8) Locate the 100 MB of unallocated space (the 100MB you saved in step 3)
*double click to edit space
*change the “use as” to “reserved bios boot area”
* do not change any other settings
*exit partition
*wait a minute for the computer


*Only use spaces that you made in Gparted
*do not change any settings in the drop-down menu at the bottom of the screen


9)Click Install
*hope for the best
* I was trying to install the nvidia drivers but kept bricking ubuntu so I ran this process several times




This process worked on my Dell Insperon 7720. I still have to go through the bios and switch between legacy boot for Ubuntu and uefi for win 8, so this is a ugly work around. I'm still hoping for something better.


All tab space gets left out of the post?


Special thanks to Denis who made it possible for me to dual boot my computer and the first part of my instructions.


Thanks,


Clayton

oldfred
April 3rd, 2013, 12:51 AM
If you boot Ubuntu installer in UEFI mode (not all systems let you), it will install in UEFI mode and let you dual boot from grub menu. You still need fixes from Boot-Repair for correct chain load entry.

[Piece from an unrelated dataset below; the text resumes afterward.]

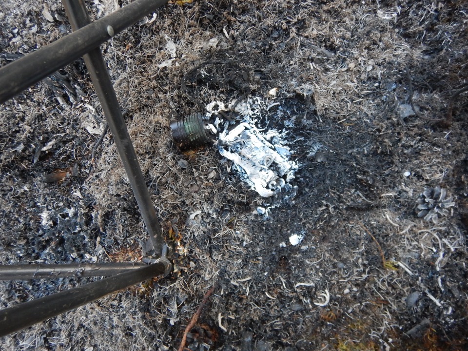 Главная ошибка вечера была совершена в половине первого ночи. Спать пошли не затушив костёр. Вообще говоря, это обычная практика. Предыдущие Боб знает сколько лет окопанное или выгоревшее по кругу кострище показывало себя безопасным. Что случилось в этот раз, я не знаю, но таких пробуждений у меня ещё не было. Из спальника пришлось прыгать в духовку — палатка полыхала. Низовой лесной пожар, распространяясь из кострища добрался до палатки и на краю поляны уверенно переходил в верховой — занималась крона ёлки.

Since you installed in BIOS mode you do have to go into UEFI change to BIOS or vice versa. But you can use Boot-Repair to convert your BIOS/CSM mode install to UEFI. It uninstalls grub-pc(BIOS) and installs grub-efi(UEFI) and modifies a few settings. Then you can dual boot from the grub menu.

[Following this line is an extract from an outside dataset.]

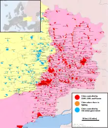 La 23 iunie 2022, oficialii ruși susțineau că controlează 55% din regiunea Donetsk. Până la 3 iulie, Rusia pretindea că controlează întreaga oblast Luhansk, iar forțele ruse și separatiste controlau orașele Mariupol, Sievierodonetsk, Lysychansk, Rubizhne și multe altele. În septembrie 2022, în timpul contraofensivei, Ucraina a recucerit Bilohorivka, un sat situat în apropiere de Lysychansk, în regiunea Luhansk, și orașele Lyman și Sviatohirsk din regiunea Donețk. Până la 16 ianuarie 2023, Rusia a capturat Soledar.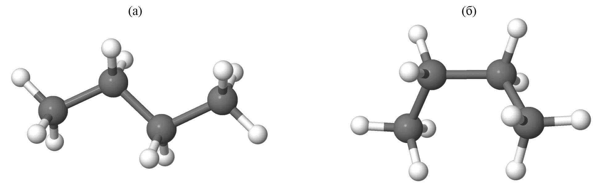 Рис. 1. Пространственная структура (а) транс- и (б) гош-конформеров н-бутана

Some systems work with secure boot on. Some only work with secure boot off. And some only boot Windows efi file, but Boot-Repair has a work around, renaming files.

How Boot-Repair fixes a Ubuntu with grub-pc with efi Windows
http://ubuntuforums.org/showpost.php?p=12205679&postcount=516

Boot-Repair - Updated Jan 1, 2013 to not rename first time, but rename if first time Windows does not boot. Post 706 and 711
http://ubuntuforums.org/showthread.php?t=1769482&page=71
Boot-Repair copied /EFI/ubuntu/grubx64.efi to /EFI/Boot/bootx64.efi (in case the BIOS is hard-coded to boot into /EFI/Boot/bootx64.efi or secure boot signed GRUB file shimx64.efi.


grub2's os-prober creates wrong style (BIOS) chain boot entry
https://bugs.launchpad.net/ubuntu/+source/grub2/+bug/1024383
type of entry from Boot-Repair that should work.
'Windows UEFI loader'
Type of entry that does not work:
'Windows ...) (on /dev/sdXY)'
Some info in Post #3 on cleaning up menus, if desired.